The UK’s Lifetime Allowance abolition is considered a blot on the pensions landscape by pension experts with the majority of Association of Member-Directed Pension Schemes annual conference attendees believing that the pension changes in the past 12 months have been unacceptable in their implementation.
Andrew Phipps, chair of AMPS used his Chair’s address at the industry body’s annual conference held yesterday in London, to highlight the issues that have been caused by the poor implementation of the legislation to abolish the LTA.
The event attended by over 110 SIPP and SSAS experts, representing the majority of the sector, heard that the LTA abolition has felt the most chaotic, and disorganised change of the last two decades which has included A-Day in 2006, Freedom and Choice in 2015, Consumer Duty in 2023 and dozens of other changes.
Phipps said: “There have been, and still are, lots of unanswered questions. We’ve seen last-minute clarifications, corrections, and finally last-minute guidance from HMRC confirming that some customers should delay taking benefits or exercising their statutory rights to transfer their pension, because of the poor legislation that has been rolled out. And this has all come about because the industry was not listened to.”
When surveyed during the event, attendees said that if you were appraising how changes impacting pensions have been rolled out over the last 12 months, they considered it unacceptable.
He added: “AMPS, along with TISA, the ABI, the Society of Pension Professionals and other industry bodies and providers, provided ample feedback to the Government, especially on the tight timescales involved, so there really is no excuse.”
There were four other areas that dominated the conference in terms of recent changes that haven’t gone as well as they could have done:
1. Consumer Duty: as a principle based change my sense is it has been implemented very differently between regulated firms and we probably need more guidance from the regulator to tighten this up, particularly around sharing information along distribution chains.
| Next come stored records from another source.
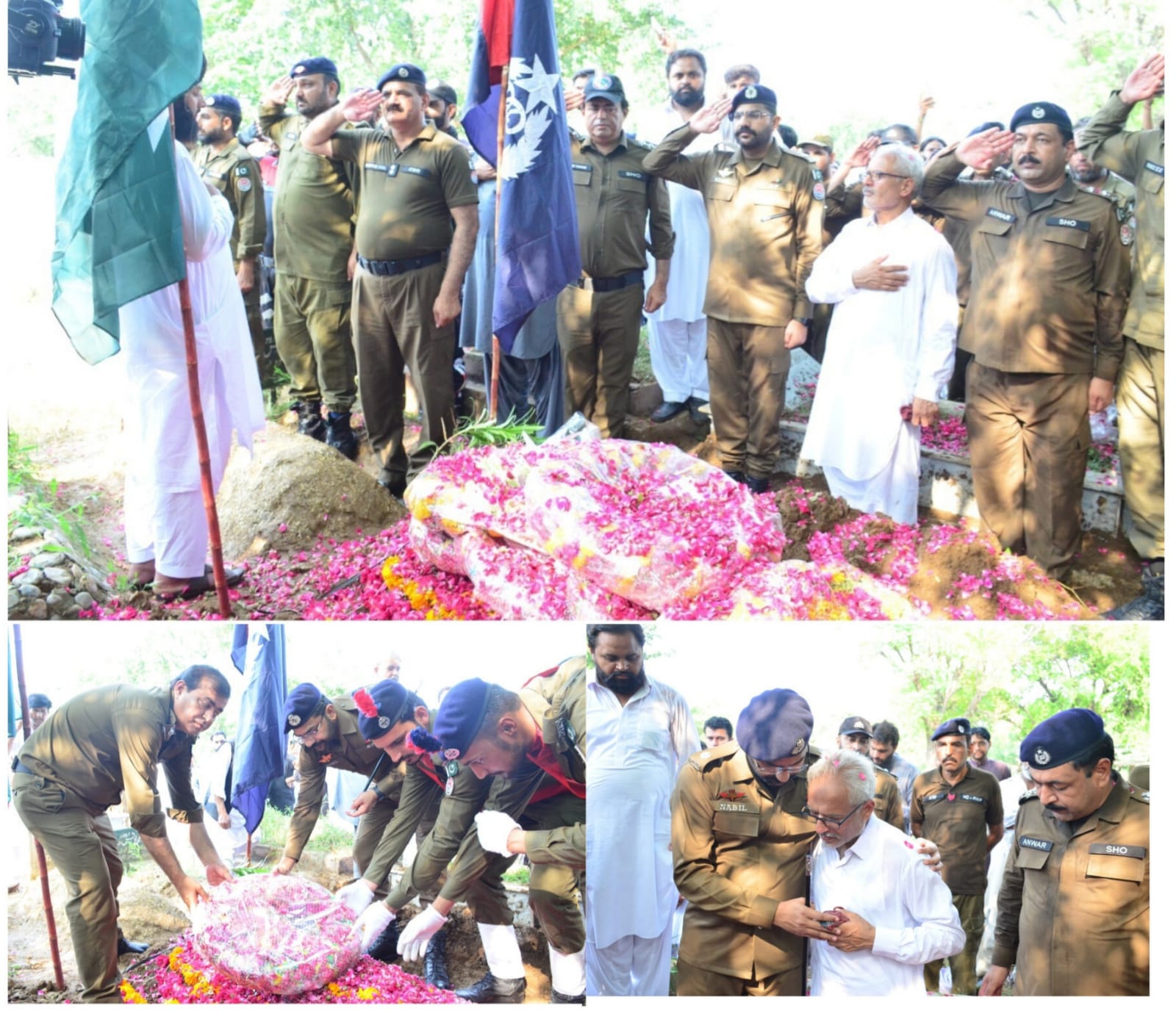 ایس پی پوٹھوہار محمد وقاص خان،ایس پی صدر محمد نبیل کھوکھرسمیت دیگر افسران نے شہید کی لحد پرحاضری دی،پولیس کے چاق وچوبند دستے نے شہید کو سلامی پیش کی، ایس پی پوٹھوہار محمد وقاص خان اور ایس پی صدمحمد نبیل کھوکھر نے شہید کی لحد پر پھول چڑھائے اور درجات کی بلندی کے لئے دعا کی گئی،سینئر افسران نے شہید کانسٹیبل کے لواحقین سے ملاقات کی،کانسٹیبل عدیل ظفر گزشتہ رات بحریہ ٹاؤن روات کے علاقہ میں ڈاکؤوں کی فائرنگ سے شہید ہوئے تھے، واقعہ میں کانسٹیبل عاشر اور عادل بھی زخمی ہوئے جن کا علاج معالجہ جاری ہے، فائرنگ کے تبادلے میں تین ڈاکو بھی ہلاک ہوئے، سی پی اوسید خالدہمدانی کا کہناتھاکہ شہید کانسٹیبل عدیل ظفر نے خطرناک ڈاکؤوں سے لڑتے ہوئے اپنی جان قربان کی، راولپنڈی پولیس کے 116 افسران فرض کی راہ میں اپنی جانوں کا عظیم نذرانہ پیش کر چکے ہیں، دکھ کی اس گھڑی میں شہید کے اہل خانہ کے ساتھ کھڑے ہیں، شہداء اور غازیوں نے شہریوں کے جان و مال کی حفاظت کے دوران فرض کی راہ میں لازوال قربانیاں دی ہیں۔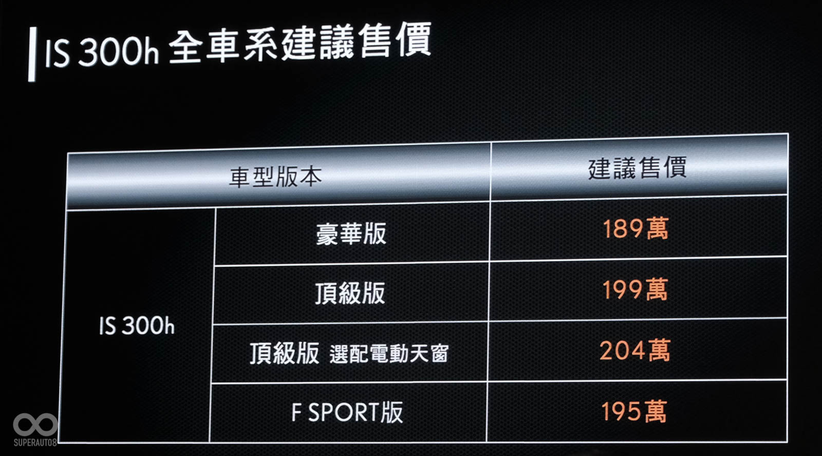 LEXUS總代理和泰汽車在今(10/16)日發表全新改款IS300h,新世代外型設計、Hybrid油電混合動力導入、安全科技配備升級,同時透過在Shimoyama測試中心的研發提升操控性能,LEXUS IS300h是兼顧熱血與實用的性能房車,LEXUS今日也公布IS300h三款車型的正式售價,分別為豪華版189萬、頂級版199萬、F SPORT版195萬。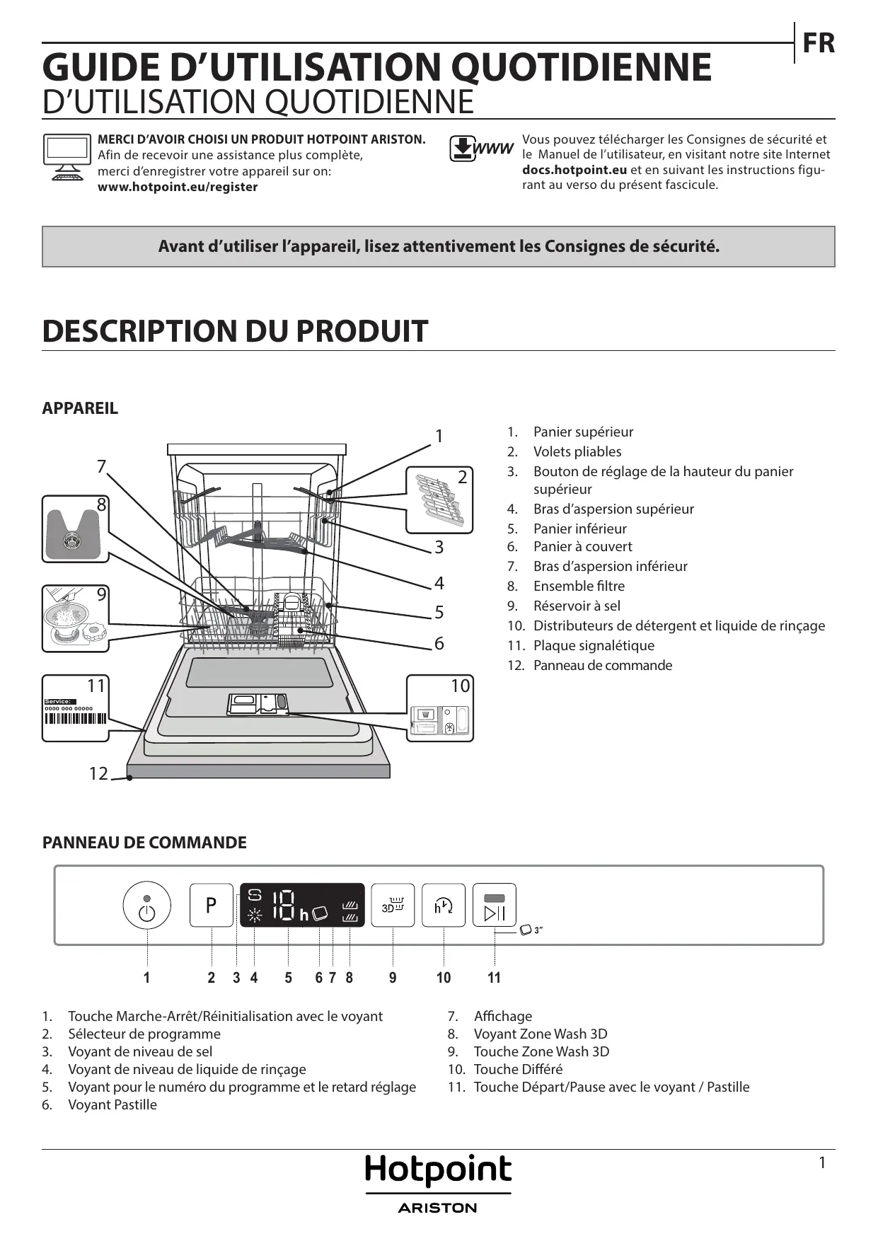 HIC3C41CW - Lave-vaisselle HOTPOINT - Notice d'utilisation et mode d'emploi gratuit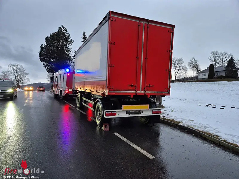 Ein Lkw-Fahrer hatte in St. Georgen/Klaus (Waidhofen an der Ybbs) auf dem Schotterplatz auf der Wieserhöhe eine Pause eingelegt. Beim Versuch, wieder loszufahren, rutschte der Anhänger ab und blockierte schließlich die Fahrbahn, wodurch eine Gefahr für den Verkehr entstand. Um die Verkehrssicherheit wieder herzustellen, schleppte die FF St. Georgen/Klaus den Anhänger ab.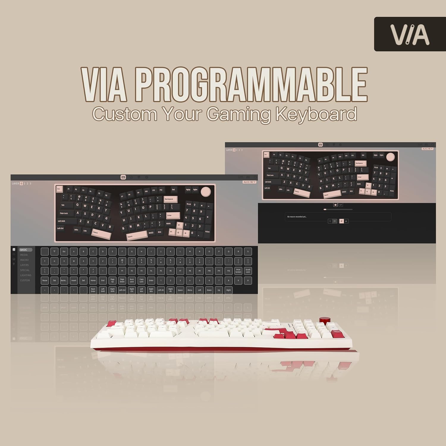 - 【Cherry Profile Dye Sublimation PBT Keycaps】 The Alice98 Keyboard comes with 5 Sides Dye Sublimation PBT keycaps in Cherry profile, known for their fine texture and clear legends. PBT material is more durable and wear-resistant compared to ABS, preventing the keycaps from becoming oily and ensuring a comfortable typing experience.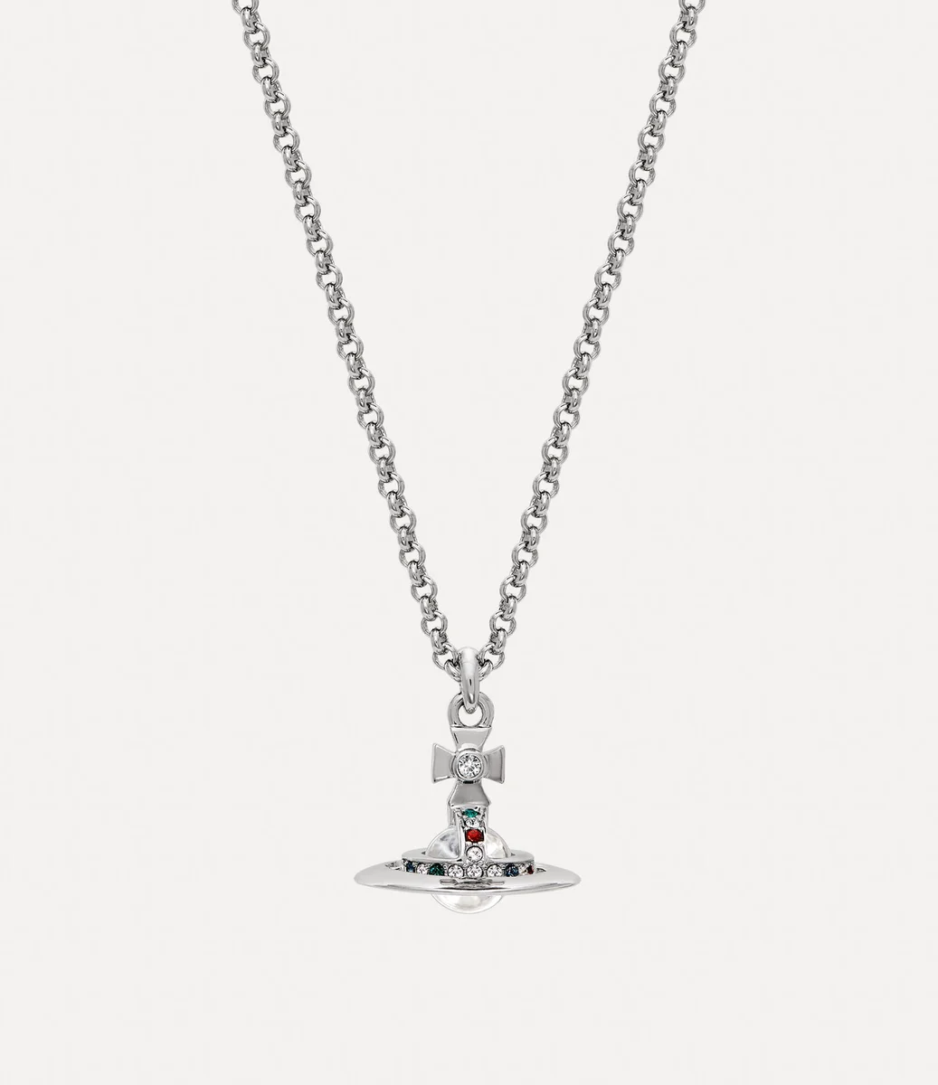 Vivienne Westwood New Petite Orb Pendant necklace with silver-tone plating features our three-dimensional orb, encrusted with multi-coloured crystal details.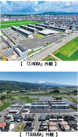 「ZiNOBA」(秋田県由利本荘市、2023年4月開業)と「TSUGUBA」(秋田県にかほ市、2024年4月開業)は、住居棟と共用棟で構成される、TDK株式会社の社員寮です。

My sense is there is a way to go on this.
2. Statutory money purchase illustrations: the changes to SMPIs last year caused confusion around why they were even being made as well as actually how to roll out volatility groups.
3. General Levy consultation: the DWP’s general levy consultation did turn out well in the end, but it was unnecessary and the DWP should not have backed what was clearly an unfair approach to meet their funding shortfall.
4. Pension scheme returns: the changes being made to the Pension Scheme Return, where significantly more data is needed but the functionality to submit a return by uploading a file has been removed.
He concluded: “It is not unexpected that the experts attending our annual conference feel that the pension changes made in the past year have been unacceptable in their implementation. It has been an intense and challenging 12 months for providers. We need to find a way so that when change happens, it happens smoothly, with greater consistency, realistic timescales and without the need to constantly make amendments to plug gaps.”